** Opening DATA SHOWN block **

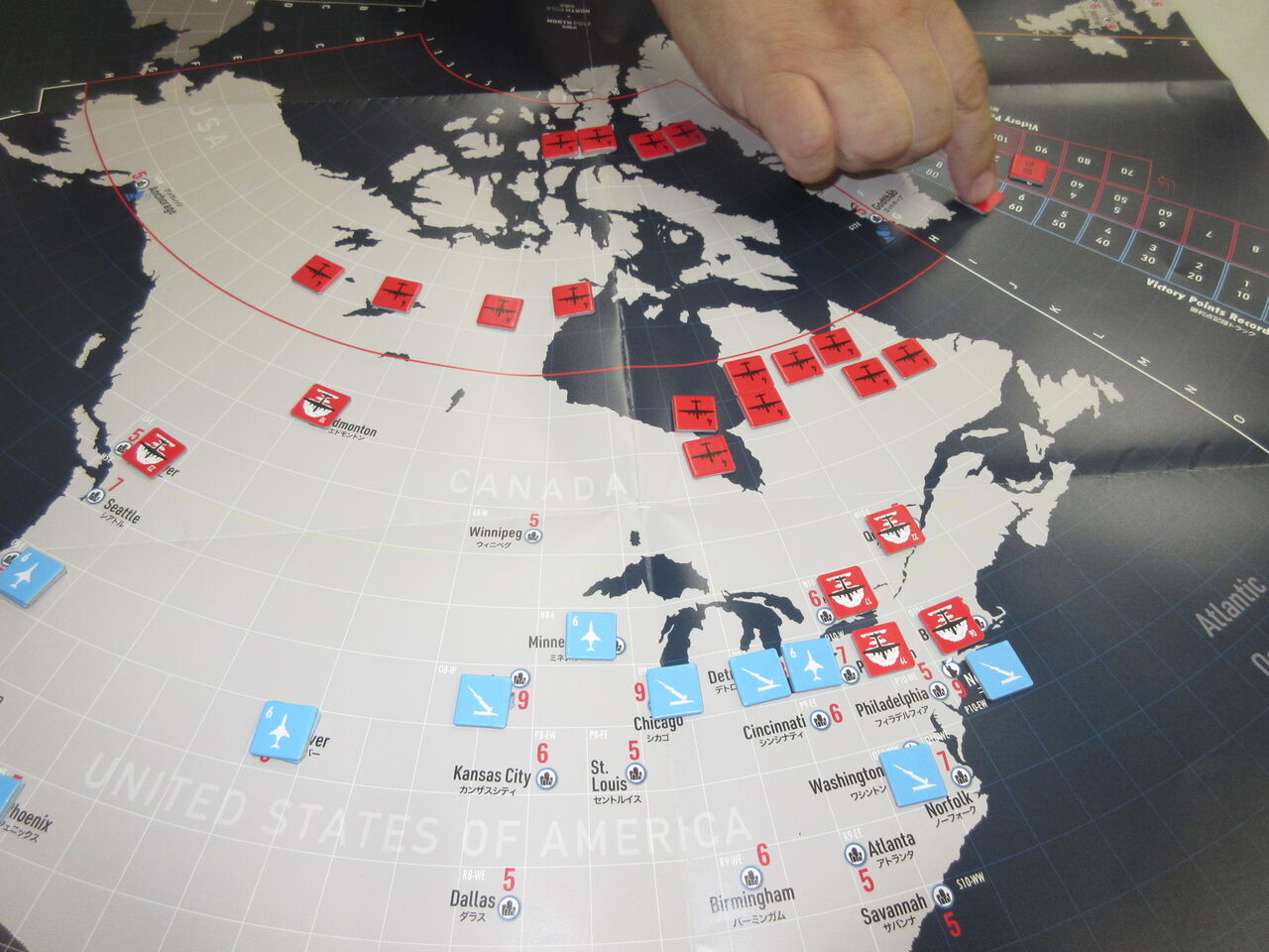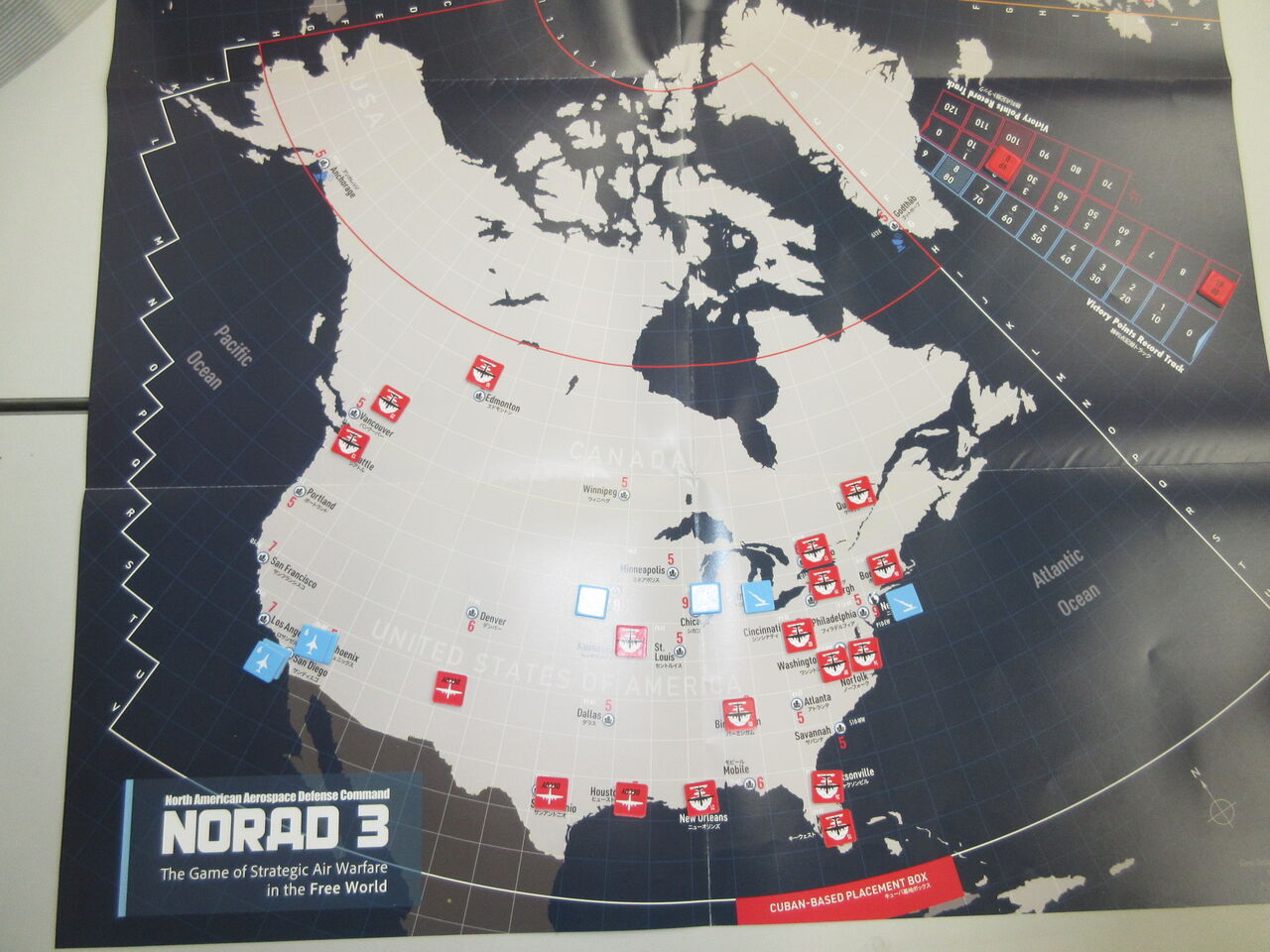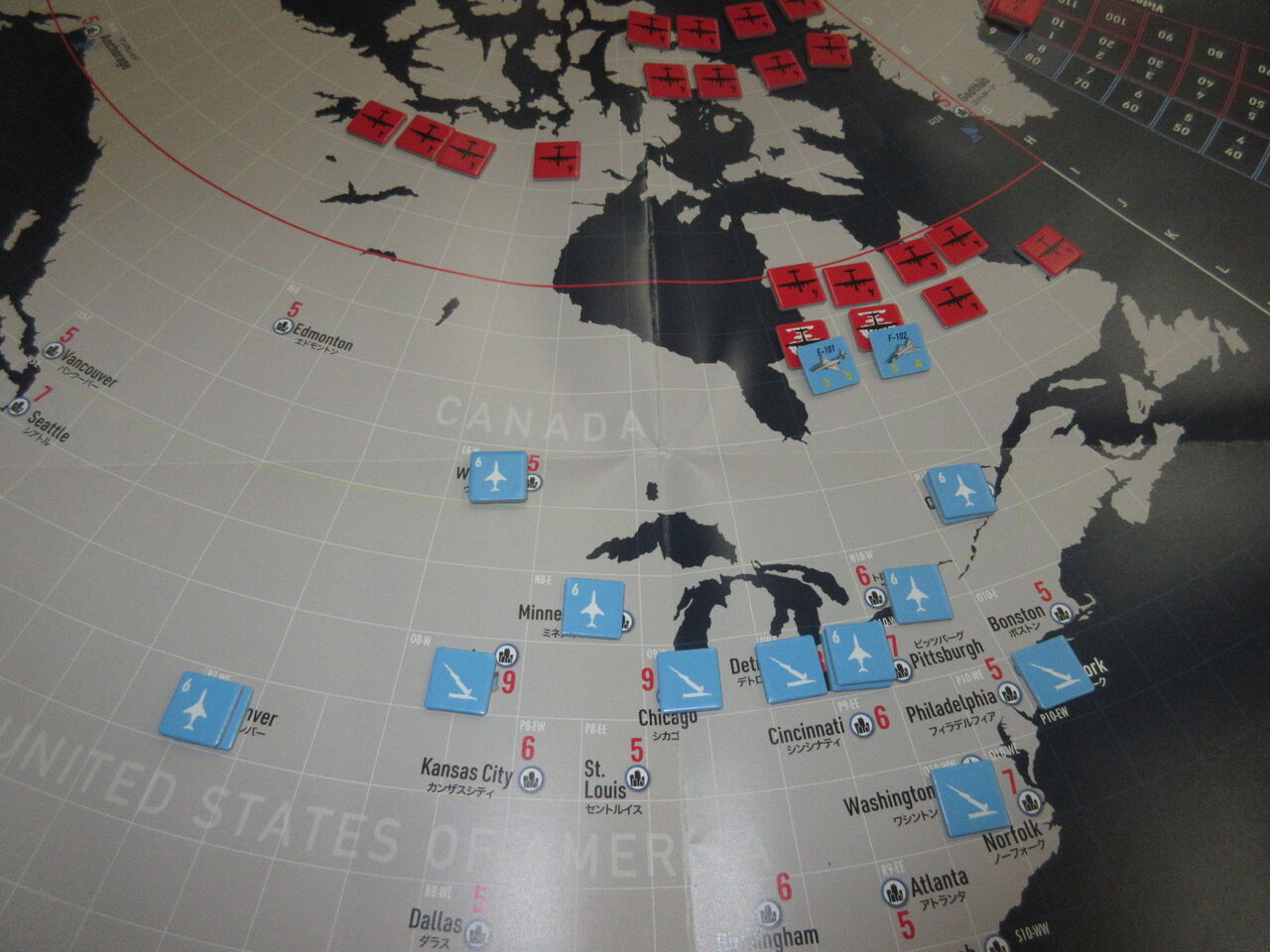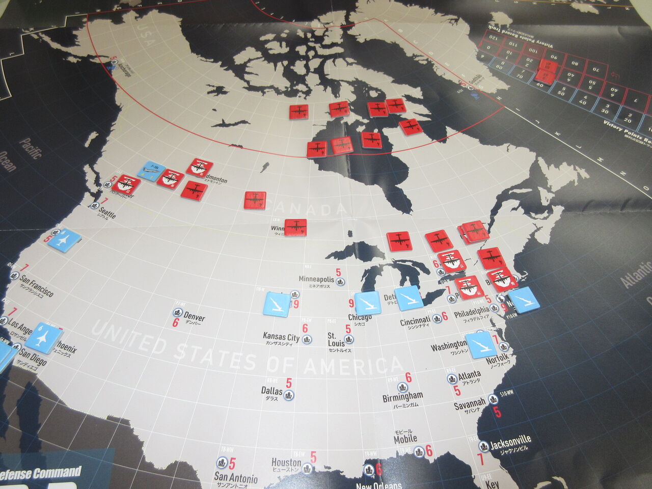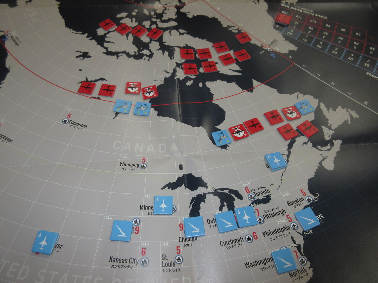 手順としては、ソ連軍の移動・爆撃-アメリカ軍戦闘機の迎撃のみ。ソ連軍は4移動力を持ち、北極圏から飛来します。アメリカの各都市には重要度に応じてVPがあり(ニューヨークやワシントンは9VP、デトロイトやサンディエゴは8VP)、到着できれば自動で爆撃が成功します。この時、SAMがある場合は、自動命中の迎撃ができます。
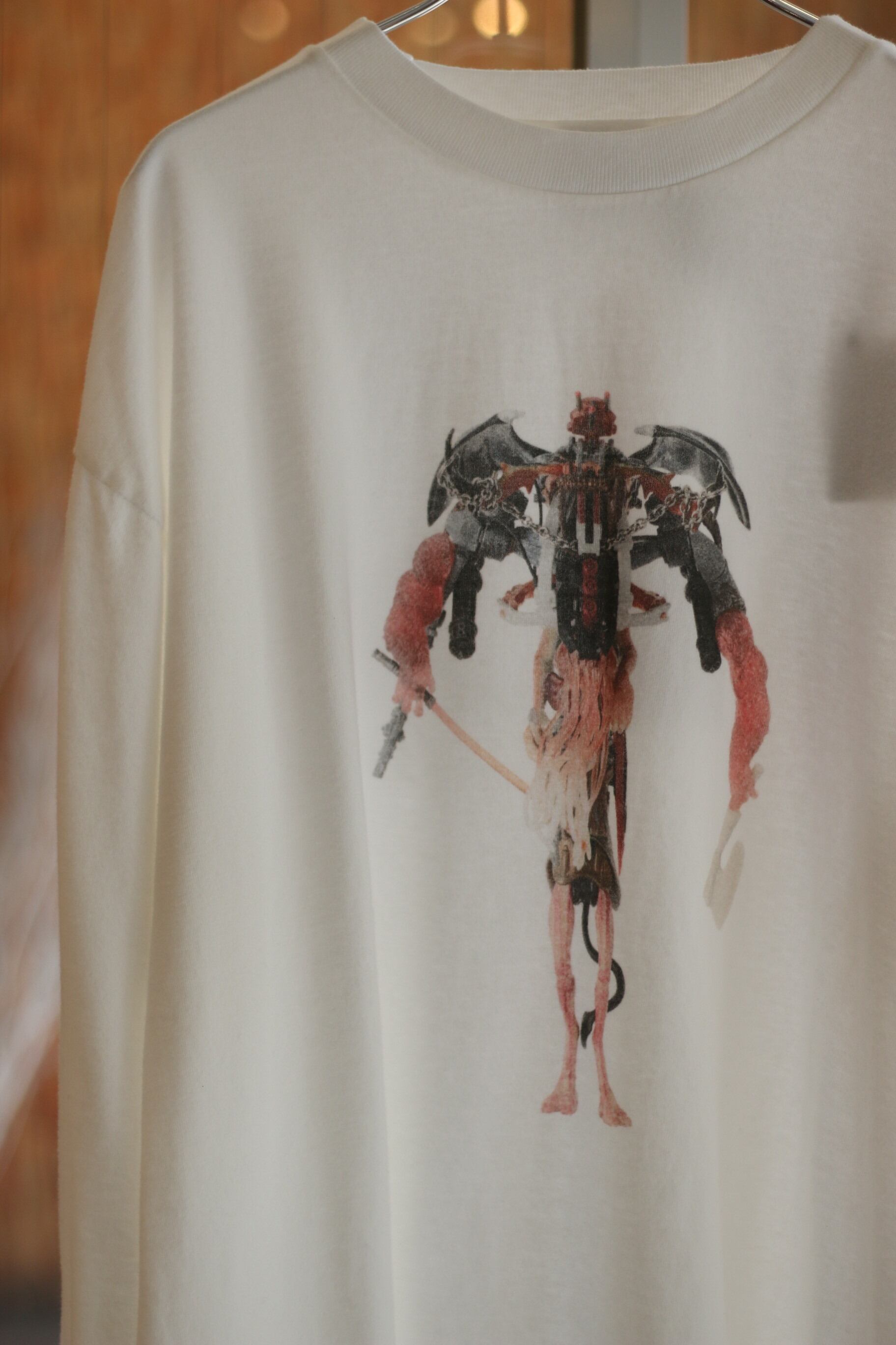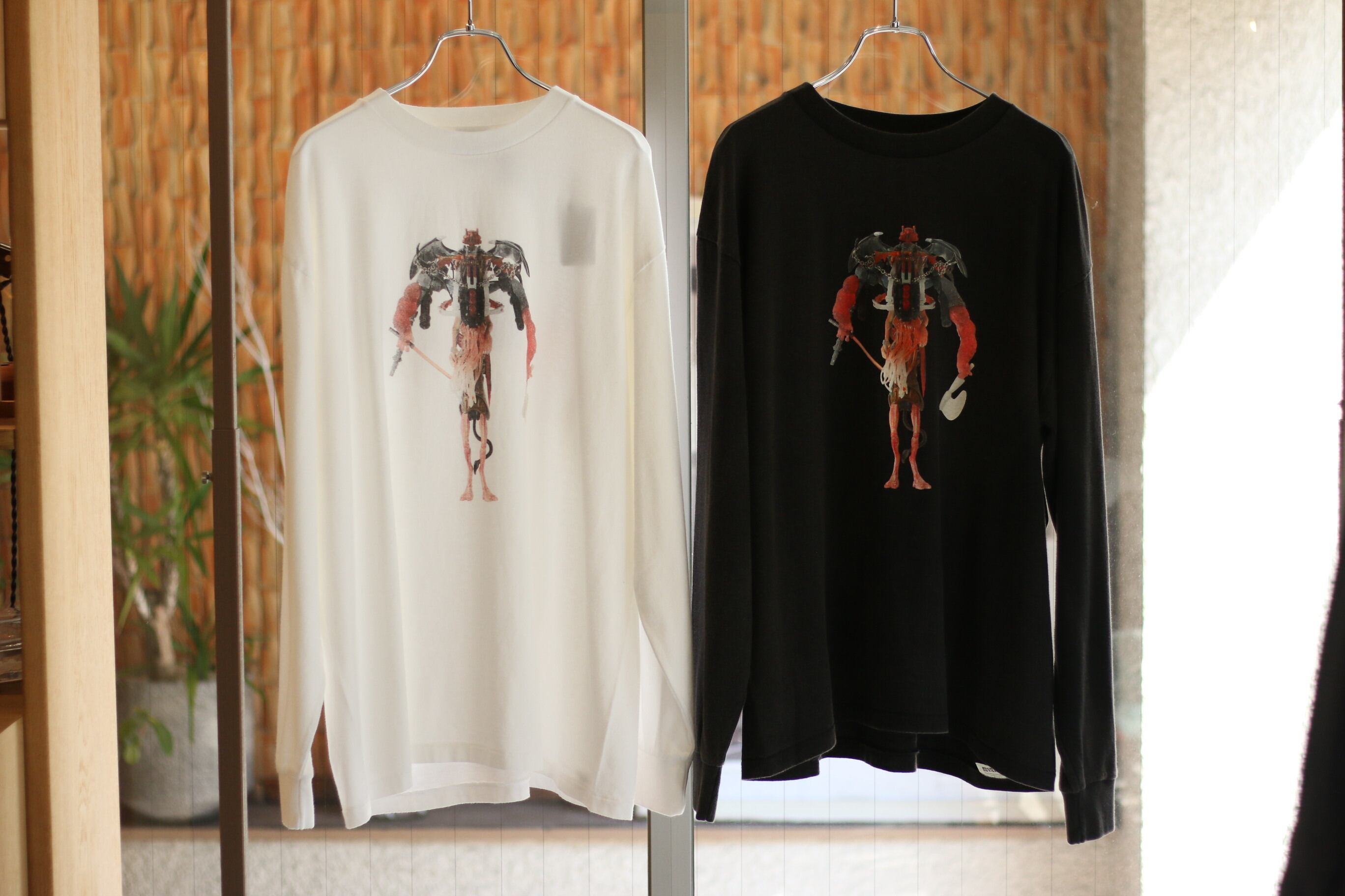 こちらは佃氏が実際に集めたフィギュアを解体し、新たな個体になるように生み出した佃氏のオリジナルアート作品をグラフィックに起こしプリントした一枚。
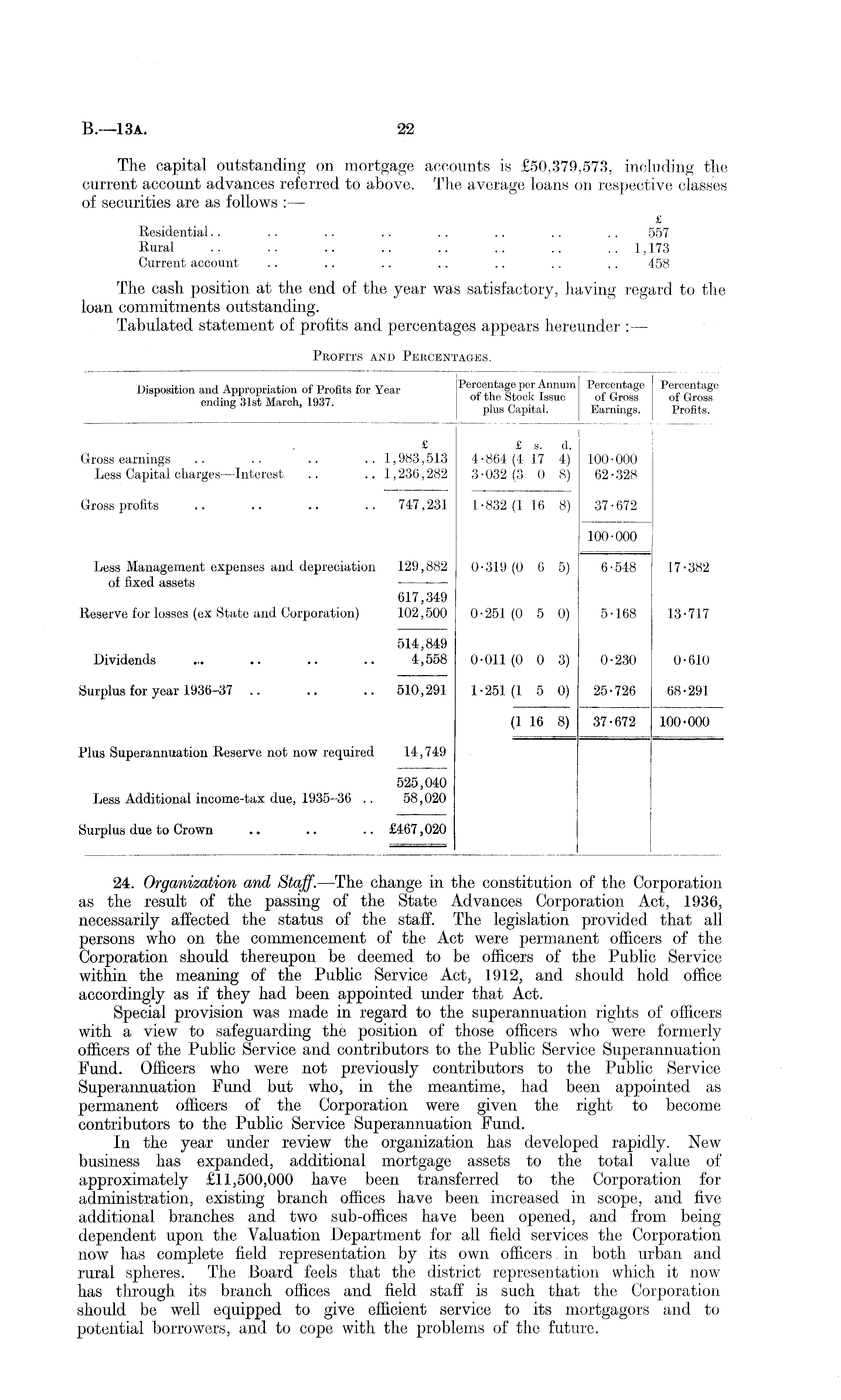 24. Organization and Staff. —-The change in the constitution of the Corporation as the result of the passing of the State Advances Corporation Act, 1936, necessarily affected the status of the staff. The legislation provided that all persons who on the commencement of the Act were permanent officers of the Corporation should thereupon be deemed to be officers of the Public Service within the meaning of the Public Service Act, 1912, and should hold office accordingly as if they had been appointed under that Act. Special provision was made in regard to the superannuation rights of officers with a view to safeguarding the position of those officers who were formerly officers of the Public Service and contributors to the Public Service Superannuation Fund. Officers who were not previously contributors to the Public Service Superannuation Fund but who, in the meantime, had been appointed as permanent officers of the Corporation were given the right to become contributors to the Public Service Superannuation Fund. In the year under review the organization has developed rapidly. New business has expanded, additional mortgage assets to the total value of approximately £11,500,000 have been transferred to the Corporation for administration, existing branch offices have been increased in scope, and five additional branches and two sub-offices have been opened, and from being dependent upon the Valuation Department for all field services the Corporation now has complete field representation by its own officers, in both urban and rural spheres. The Board feels that the district representation which it now has through its branch offices and field staff is such that the Corporation should be well equipped to give efficient service to its mortgagors and to potential borrowers, and to cope with the problems of the future.

** Closing DATA SHOWN block **

With all pictures left out, please transcribe exactly the lines from the start of the material through the line with "こちらは佃氏が実際に集めたフ".

 手順としては、ソ連軍の移動・爆撃-アメリカ軍戦闘機の迎撃のみ。ソ連軍は4移動力を持ち、北極圏から飛来します。アメリカの各都市には重要度に応じてVPがあり(ニューヨークやワシントンは9VP、デトロイトやサンディエゴは8VP)、到着できれば自動で爆撃が成功します。この時、SAMがある場合は、自動命中の迎撃ができます。
 こちらは佃氏が実際に集めたフィギュアを解体し、新たな個体になるように生み出した佃氏のオリジナルアート作品をグラフィックに起こしプリントした一枚。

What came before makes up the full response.